With Us and For Us
Advent maybe means the arrival of the baby king and our anticipation thereof, but I think for me Advent means that yet another holiday season is about to bear down upon me. It is the whirlwind between Thanksgiving, which is famous for eating, and New Year’s Day, which is famous for (ahem) drinking. It is Santa Claus and trees and reindeer and sleighs and elves and giant furry monsters and nutcrackers dancing. It is the constant swirl of activity and lights and smells and the earnest pleading for me to “Have a Merry Christmas.” It’s the season where I’m told above all else to “enjoy” myself. So in the moments when I’m not enjoying myself, I feel a bit guilty. We are always told, it seems, to be ready for Christmas and yet we never seem to arrive at Christmas.
It’s as if we get prepared in Advent for something that doesn’t actually exist and that we can never experience. It is a waiting for something that, when it arrives, we don’t recognize it.
And maybe we really don’t want what Christmas brings us. Oh, I understand that Christmas is associated with giving, and I have no issue with that. You can be as simple or as splurging as you want, and it’s not something I worry about. And Christmas is associated with community and family and celebrations, and those are all OK.
But the actual Christmas of Christmas—what is that which we are waiting for?
It almost seems anticlimactic when it arrives, when we find out what it is. Christmas is about the arrival of a baby. Not even a holiday celebrated in the early times—the believers mostly talked about Jesus’ life and death and resurrection, not his birth. That was almost a given, that God came to earth to take on our form. (I do hope you realize that before Christmas God and humanity were never united; after Christmas God became permanently entwined with who we are. It’s really quite unique.) But later, as believers thought about it, they came to the conclusion that we could remember the birth of Jesus with as much celebration as we do remember the death and subsequent resurrection of Jesus.
Christmas gives meaning to Easter. The birth of God as a man here on Earth set up the whole journey of God taking up a cross, dying in his body, and being brought back to life.
We think about Christmas as if it has to be more important than it feels to us—as if we should make some feelings occur inside us. So when I’m told these amazing things, I feel like I should be more impressed, somehow, and that I should react more strongly.
But—this isn’t what Christmas is about. It’s not about making myself feel something. It’s about simply remembering what happened, thinking about it, and then trying to figure out what it means to me.
If God became man, then he’s like me in how he experiences life.
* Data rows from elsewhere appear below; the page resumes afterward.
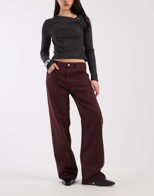 ASOS DESIGN – Bordowe jeansy baggy z obniżonym stanem
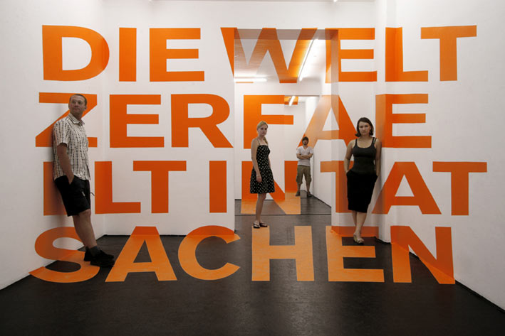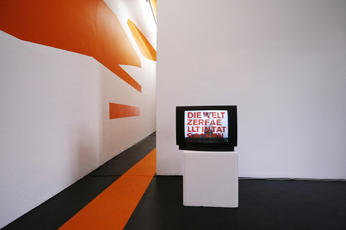 Die Arbeit befasst sich mit dem Erleben der Gleichzeitigkeit von Raum und seiner Abbildung. Die typografischen Fragmente setzen sich aus dem Blickwinkel einer Videokamera zu dem Schriftzug „Die Welt zerfällt in Tatsachen“ zusammen, der als Livebild auf drei verschiedenen Monitoren zu sehen ist. Mit Hilfe dieser Installationsanordnung hat der Betrachter die Möglichkeit, den Bildraum selbst zu erforschen und die Wechselwirkung von Raum und Abbild zu erfahren. Ludwig Wittgensteins Satz „Die Welt zerfällt in Tatsachen“ und sein Zerfallen im Raum sollen, an Wittgensteins Sprachtheorien angelehnt, die Unzulänglichkeit der Sprache visualisieren.
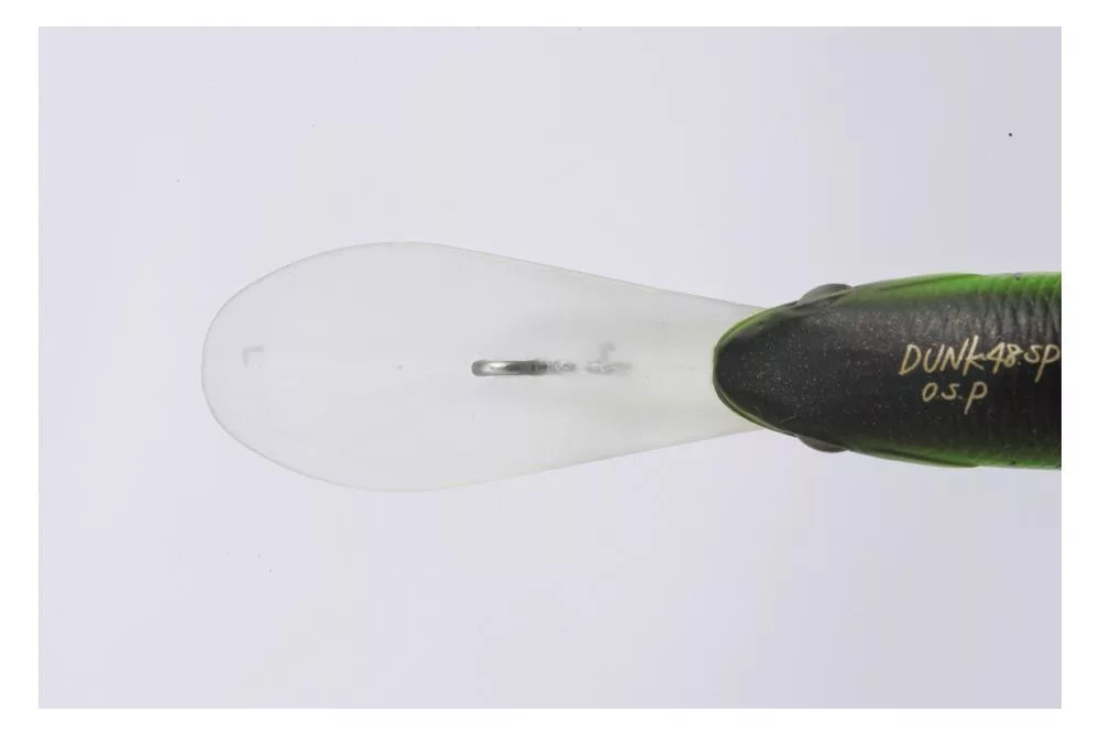 Premièrement, il est capable de pêcher une large plage de profondeurs allant de 0,5 mètre à 4,0 mètres. Sur les fonds durs, même dans 0,5 mètre d'eau peu profonde, on peut obtenir de nombreuses touches avec une simple récupération lente. De plus, les avantages sont inestimables de pouvoir attaquer une rupture soudaine, qui passe de 1,0 mètre à 4,0 mètres, sans changer d'appât. Et la capacité de faire descendre un shad élancé de 5 cm dans la zone de 3,0-4,0 mètres – qui n'était auparavant accessible qu'avec des crankbaits plongeants de grande taille – représente une puissance dévastatrice qui dépasse l'imagination. Le Dunk sera probablement un favori imbattable sur les lacs où les crankbaits plongeants sont devenus inefficaces en raison de la forte pression de pêche, ou dans les situations où les leurres souples échouent.
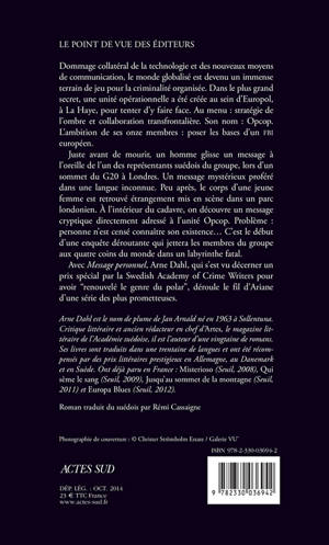 Juste avant de mourir, un homme glisse un message à l'oreille de l'un des représentants suédois du groupe, lors d'un sommet du G20 à Londres. Un message mystérieux proféré dans une langue inconnue. Peu après, le corps d'une jeune femme est retrouvé étrangement mis en scène dans un parc londonien. À l'intérieur du cadavre, on découvre un message cryptique directement adressé à l'unité Opcop. Problème : personne n'est censé connaître son existence... C'est le début d'une enquête déroutante qui jettera les membres du groupe aux quatre coins du monde dans un labyrinthe fatal. Avec Message personnel, Arne Dahl, qui s'est vu décerner un prix spécial par la Swedish Academy of Crime Writers pour avoir "renouvelé le genre du polar", déroule le fil d'Ariane d'une série des plus prometteuses.
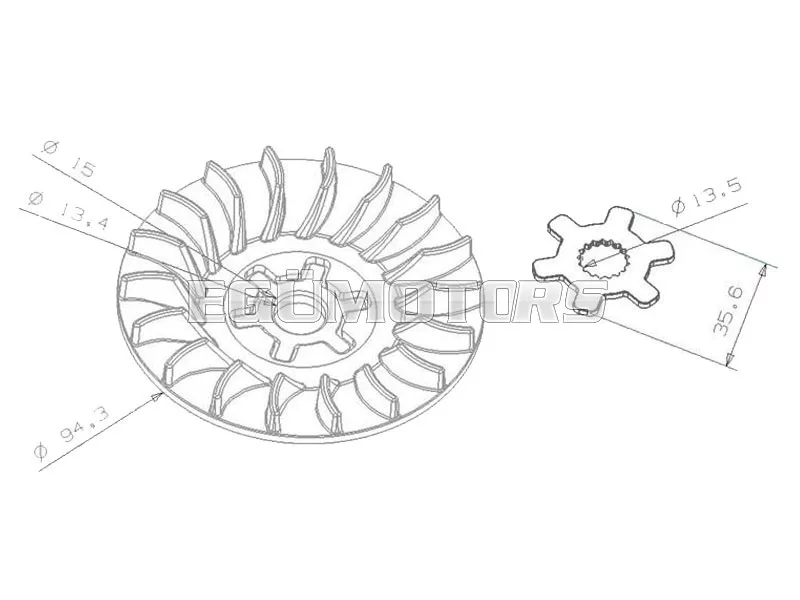 Variátor szíjtárcsa lemez Minarelli motorokhoz, 13 mm-es kúpos főtengellyel.

If Jesus cut his finger when a knife blade slipped while making furniture—then he experienced the same pain I do. (And as he was “tempted in all ways except without sin,” he felt the same urge I do to calm my nerves by shouting certain words—but with Jesus he might have been tempted to call out “Me, Me!” But I digress…)
He had to be fully and completely human. All the same restrictions and misunderstandings. All the same failed relationships and hopes. All the same disappointments with people, all the same good advice handed out to people who never, ever listened. All the same frustrations and challenges and joys and even the feeling that happiness would always pass away.
So Christmas isn’t just about a baby in a crib. It isn’t just about kings and gold and angels and songs. That’s just the celebration of the actual birth.
Christmas is about God coming down and becoming someone just like us. Someone who is God-sized and man-sized. Someone who retained all his love and mercy and hope, and yet became a man limited by his body and his surroundings.
And Advent can then go from being something I work myself up to feel something about to the wonderful assurance of this reminder that yes, God understands me because he once came down from heaven.
God is not only for us, he is with us.